The company’s former Vice President Aoki was the one who first suggested moving things in-house. He also likened “Make It Your Own” to the flavor of a home-cooked meal—creating something that cannot be found outside one’s home, which is highly useful because it cannot be bought anywhere else.
Since 1955, the Machinery & Tools Div. [editor’s note: division in charge of machine tools] has created robots and various equipment in-house, and in the field of software as well DENSO has been designing their own in-house CAD systems and production simulators for a long time now.
As Dan mentioned, standards such as the QR Code were created in-house here at DENSO. In other words, when we find that something we need does not yet exist, our approach is to make that thing.
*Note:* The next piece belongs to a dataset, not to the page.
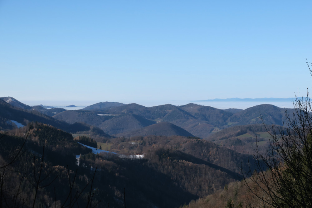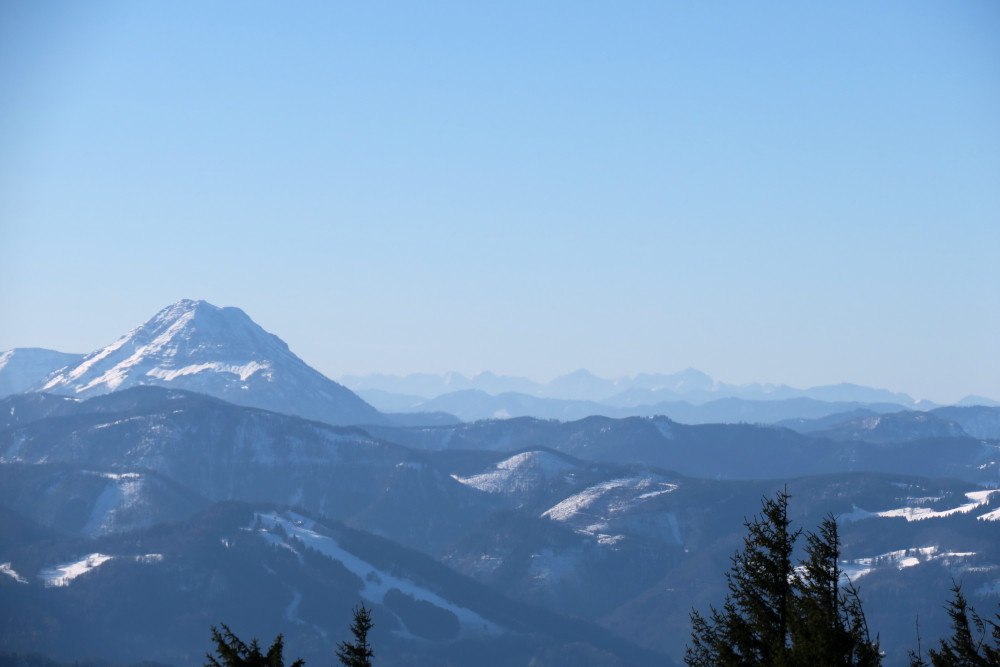 Rechts als Pyramide Hochbuchberg (1273m), ganz links als Spitzerl Pfannstein (1423m,118km).
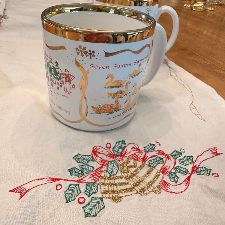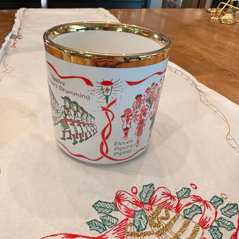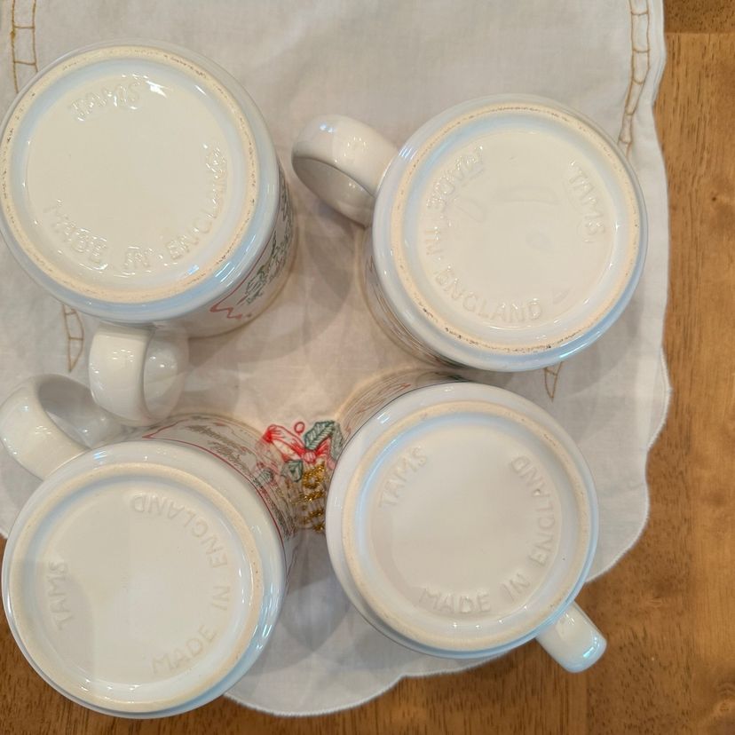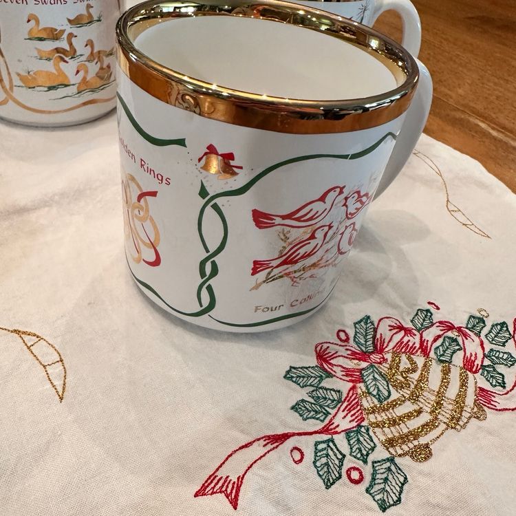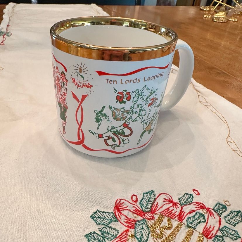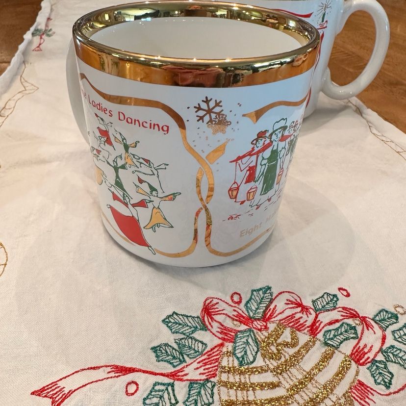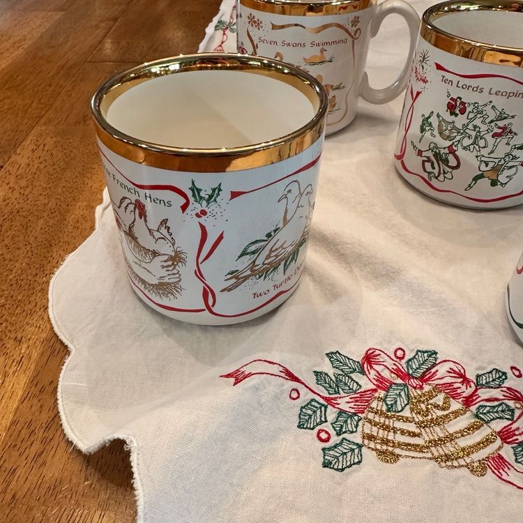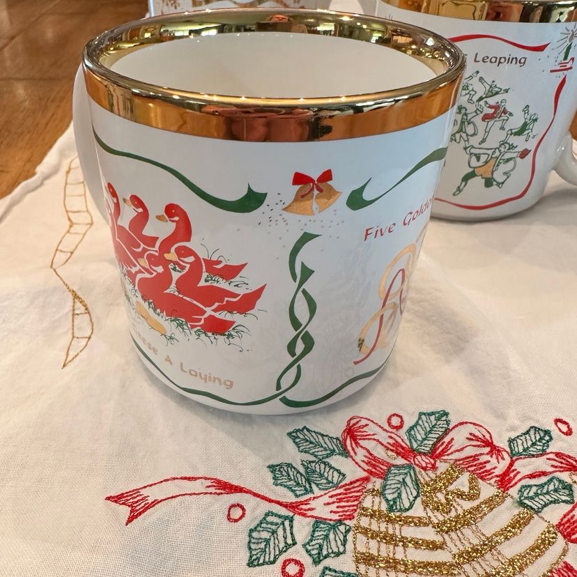 Beautiful Vintage Twelve Days of Christmas Mugs made in England By TAMS. Features 3 Song Motifs on each mug with gold accents. Perfect for Christmas Morning Brunch!

Ever since our founding, we have focused strongly on creating our own versions of things in areas where other companies would not.
Under our current system, we handle everything from quality control through to production management and embedded software. Therefore, our staff come from various backgrounds and bring together a wide range of knowledge in embedded software design, equipment design, and even other areas such as in the case of Dan, who has experience in banking, research and IT. Our members possess a diverse range of individualistic strengths not seen in any other organization.
Of course, not everything is carried out by in-house personnel from the planning phase through to operation and maintenance, but we do have personnel involved in all of these phases. The Production Eng. Div. is an extremely important part of the company in terms of fostering competitive manufacturing strength, and currently about one-fourth of the division is involved in factory IoT efforts.
In other words, the division is at the very center of all our manufacturing operations—it’s the place where we are focusing a majority of our efforts. I want to emphasize just how serious we truly are.
Next up is Hiroo Sawada, who will talk specifically about what he has created.
Technical Requirements for a Factory IoT Platform
Hiroo Sawada: Hello, my name is Hiroo Sawada. I’ll start with a short personal introduction.
I’m one of DENSO’s mid-career hires. I previously worked at a major electronic components firm where I gained experience in various things including quality assurance and production engineering. I was eventually assigned to autonomous control technologies coordinated with MES (manufacturing execution systems). DENSO’s project aimed at linking together their current 130 factories really impressed me, and it was an honor to be assigned to one of the coveted data scientist positions at the company in October 2017.
However, DENSO did not yet have a data platform and there was no data to analyze so just three days after joining the company I was removed from my data scientist position and tasked with transitioning platform production in-house. Therefore, I’m not actually a data scientist at DENSO; rather, I’m an engineer creating a data collection platform.
Here we see the main requirements for an IoT-related factory platform.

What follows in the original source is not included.